Election day is just a few short weeks away and West Virginia’s political identity is up for grabs. For the first time in more than 50 years, there is a real chance that the next Senator from West Virginia will be a Republican, not a Democrat. West Virginia has an open seat vacated by Mr. Rockefeller, and the race for the coveted seat has been heating up.
Shelly Moore Capito (R), who now holds a seat in Congress, and Natalie Tennant (D), West Virginia’s current Secretary of State, are both running energetic campaigns around the state. However, Capito has been pulling away of late in large part due to a barrage of television ads her campaign has run attacking Tennant on her endorsement of ObamaCare and her desire to “just be in office” no matter of position.
What seems to be getting eclipsed in this heated contest is where the candidates stand on social welfare programs that many West Virginians benefit from. For example, while Tennant is an avid supporter of the Affordable Care Act, Capito has repeatedly voted to repeal the ACA. Yet 104,827 West Virginia residents have been added to Medicaid since the ACA-fueled expansion of Medicaid on January 1st, according to the state Department of Health and Human Resources. Even so, West Virginia still has over 270,000 residents without basic health care coverage, according to Tennant.

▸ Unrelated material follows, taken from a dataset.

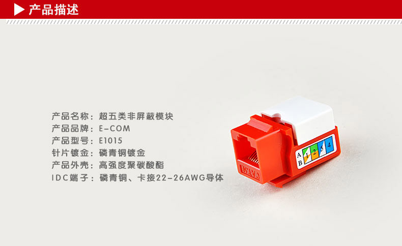 E-COM开关插座 电脑插座模块 小位网线模块 RJ45超五类非屏蔽模块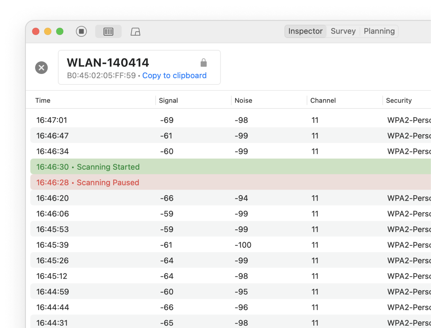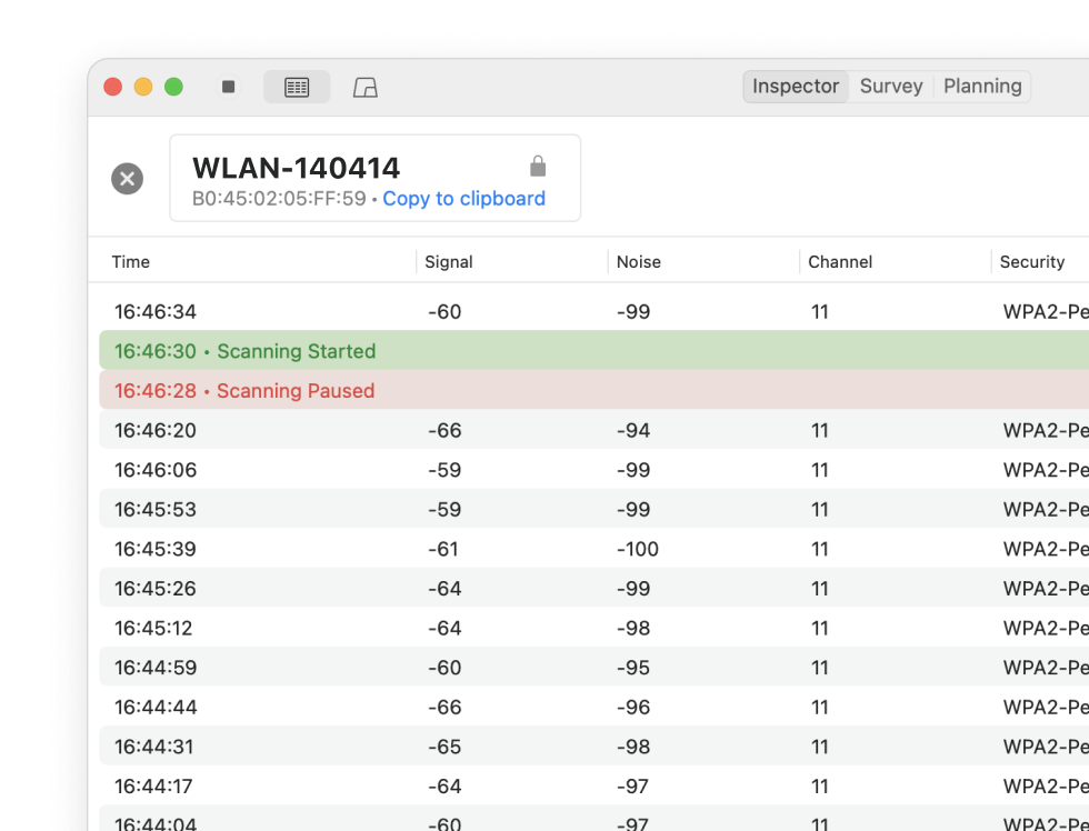 Inspector mode is ideal to locate Wi-Fi issues in a specific area. Save historical data per each AP for later review.

So, why is Capito ahead in the polls given her conservative stance on health care? One Harrison County resident says she believes that Tennant is suffering in the polls because voters connect her with President Obama, who has negative ratings in West Virginia.
“When people hear the word Democrat, they automatically think of Obama, an Anti-Christ in some people’s eyes around here,” says Sara Logsdon, a resident of Harrison County.
West Virginia is known around the country as a conservative state and Capito has used that to her advantage by painting Tennant as an Obama apologist. Harrison County, in the heart of West Virginia, is an important county from an election perspective. Over 69,000 people live in Harrison County, a good chunk of the 1.8 million in the state of West Virginia.
Susan Thomas, Harrison County Clerk, suggested voter apathy in recent elections.
“I just think with the negative commercials, all of the negativity around the political world in general is not helping the democratic process,” said Thomas.
Some have tried to sign up for ObamaCare, but were locked out before they could get coverage. Lisa King has had many issues with the signup process.
“I have tried and tried to sign up,” said Lisa, “but it just locks me out at the end every single time.”
I recently spoke to Jeffery Worsham, a political science professor at West Virginia University, and asked him about the disconnect between the current polling numbers and Capito’s clear voting record against the working class and poor.
“Simple answer, voters aren’t rational,” said Worsham. “Voters cast a ballot influenced by other factors, many of which have no actual effect on them but for some reason resonate anyway.”
It’s a simple answer to a complex question- West Virginian’s vote irrationally.